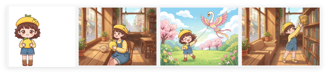 3.把背景换成春天的公园草坪,天空很蓝,有几朵白云,小柚在开心地放一个燕子形状的风筝。4.把背景换成一个充满阳光的现代图书馆,小柚踮着脚,正试图拿取书架顶层的一本厚书,表情有点可爱和努力
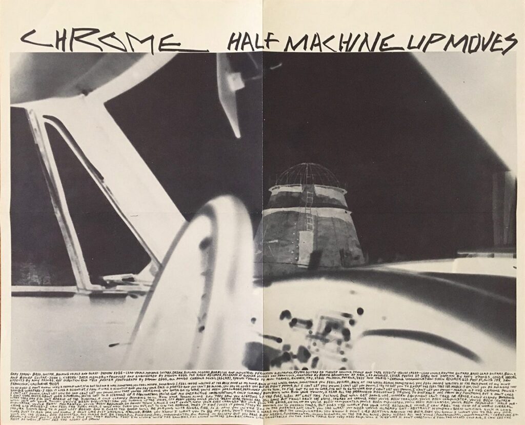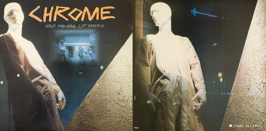 COVER ART OF THE WEEK: Chrome were a rock band from San Francisco whose music combined elements of punk, industrial, and psychedelia. They were active mainly in the late 70s and early 80s. Their third studio album, “Half Machine Lip Moves,” is a masterwork of early industrial rock. Released in 1979 on Siren Records, its front and back covers featured photos (of band members Gary Spain and Damon Edge) and special effects by Amy James. It came with a foldout poster with photo and design by Edge (real name Thomas Wisse). He also helped with the front cover’s art direction. Click images to enlarge.
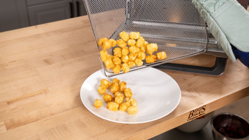 The chicken thighs emerged particularly impressive, with crispy, golden-brown skin and juicy meat that registered the proper internal temperature. We appreciated being able to roast the chicken in one compartment while our tater tots crisped up in the other, effectively preparing an entire meal in one appliance. The tater tots achieved a satisfying crunch, though not quite as crispy as what we've experienced in dedicated air fryers.

────────────────────

▶ _AIM OF THE TASK_
Please return only the lines from the top of the data through the line with "COVER ART OF", exactly as written, and drop every picture.

▶ _RESPONSE TO THE EXERCISE_
 3.把背景换成春天的公园草坪,天空很蓝,有几朵白云,小柚在开心地放一个燕子形状的风筝。4.把背景换成一个充满阳光的现代图书馆,小柚踮着脚,正试图拿取书架顶层的一本厚书,表情有点可爱和努力
 COVER ART OF THE WEEK: Chrome were a rock band from San Francisco whose music combined elements of punk, industrial, and psychedelia. They were active mainly in the late 70s and early 80s. Their third studio album, “Half Machine Lip Moves,” is a masterwork of early industrial rock. Released in 1979 on Siren Records, its front and back covers featured photos (of band members Gary Spain and Damon Edge) and special effects by Amy James. It came with a foldout poster with photo and design by Edge (real name Thomas Wisse). He also helped with the front cover’s art direction. Click images to enlarge.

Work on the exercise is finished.